For anyone who has somehow missed the rise of XXL, here is the short version. Teletech started small in Manchester. Proper small. Student flats, DIY setups, chaotic early events that leaned into real energy rather than polish. The growth since then is almost surreal. Teletech created XXL in collaboration with The Warehouse Project and what began as a local hard Techno party has become a global touring monster with its own community, its own aesthetic and its own reputation for nights that feel intense and communal at the same time. They represent the shift in Techno over the past decade. Techno used to be treated like the serious cousin of house, tucked away in darker rooms. Now it is the main attraction. It sells out warehouses and festival stages and it has become one of the biggest youth subcultures across the UK and Europe.

It makes sense that Manchester would host something like XXL. The city has always loved industrial textures and loud nights. When WHP moved to Depot Mayfield it basically handed Teletech a perfect playground. The place is huge, gritty and full of potential for sound systems and lighting rigs that feel physical. Techno thrives in space like that. Big kicks, long tunnels of reverb, strobes that turn a crowd into a moving silhouette. Being in there with a camera is like being swallowed by the building. You are constantly watching for little pockets of intimacy inside a space that can hold thousands. Those contradictions are part of what makes this event so addictive.

This year I felt the lineup was more balanced than last time. The Concourse stage was my favourite and easily the most alive. Partiboi 69, Odymel and Funk Tribu brought a fun and bouncy flavour that fit the room perfectly. The sound felt tight and warm and the energy never dipped. I got some of my best close up shots in that room because the crowd seemed completely locked in. It had the right level of chaos without feeling overcrowded. It reminded me why XXL works so well inside WHP.

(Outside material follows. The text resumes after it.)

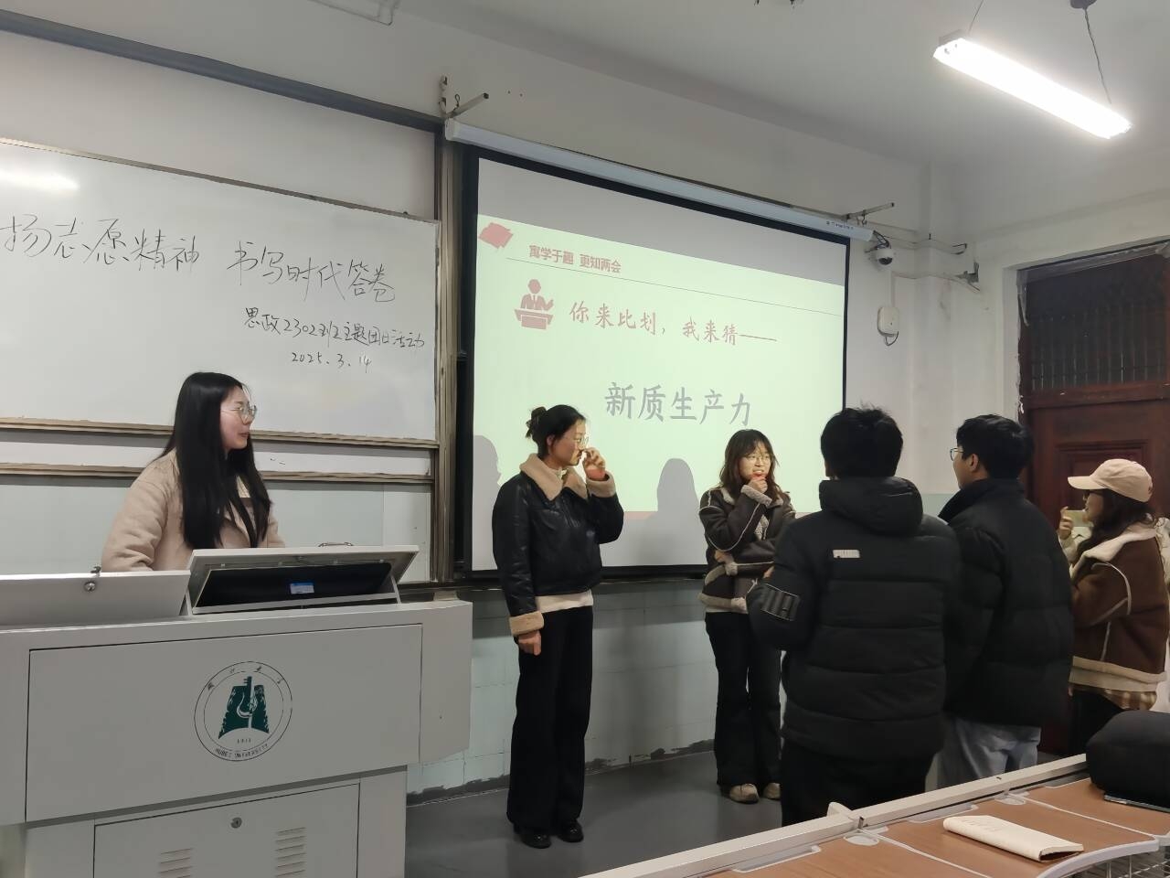 为重温雷锋同志先进事迹,深度探讨志愿精神在新时代的传承价值与实践路径,3月14日,思想政治教育2302班团支部举办“弘扬志愿精神 书写时代答卷”主题团日活动。此次活动由团支书王卓越主持,支部全体团员积极参与,思政2301班团支书特邀参加了此次活动。

The Depot held the heavier names. We went in early and caught Holy Priest which surprised me because I usually associate him with much later sets due to his harder-style beats and industrial power. It still worked and it set a good pace for what came next with 999999999, Only Numbers and Azyr. The scale of the room felt even more intentional this year. The lighting had more texture and there were these mannequin figures hanging above the crowd that would slowly move downward. They looked eerie and theatrical and I noticed people staring at them with the same curiosity they gave the strobes. WHP does production very well and every year they seem to push the visual side a bit further. As a photographer it is one of the best venues to shoot. You have depth, layers, scaffolding, smoke and enough movement to make every shot look like it belongs there.

There were frustrations though. Lobsta B and Mandidextrous have solid fanbases in Manchester and I felt they were placed in a room that was too small for their draw. We tried to get in but the space never felt comfortable, so we had to skip them. Archive also disappointed. The lighting was lovely and created a surreal haze, but the sound lacked punch. It felt hollow which is the last thing you want in a room dedicated to Techno.
I did notice a shift in the collectives identity this year. Earlier editions leaned heavily towards industrial, hard and relentless. This year felt more varied. You had Donk influences through Lobsta B, Jungletek through Mandidextrous, bouncy and playful sets in Concourse and then the usual heaviness in the Depot. It felt like Teletech is branching out and trying to pull in as many corners of the electronic world as possible. That curiosity might shape where this collective goes next.1

Outside the music, the venue itself felt more manageable this time. More toilets, more access points, better flow, although the stairs and steps can still become a mini obstacle course at peak times. WHP is expensive, no point denying it. Tickets rise, drinks rise and the cost of living crisis hits everyone. At the same time, smaller grassroots venues are shutting down and people want reliable nights with big sound and big names. XXL and WHP offer that and they do it at a scale smaller venues simply cannot match. That tension is becoming part of club culture now. People want huge and safe and impressive, but they also want authenticity and community. XXL is trying to hold both at once and it mostly succeeds.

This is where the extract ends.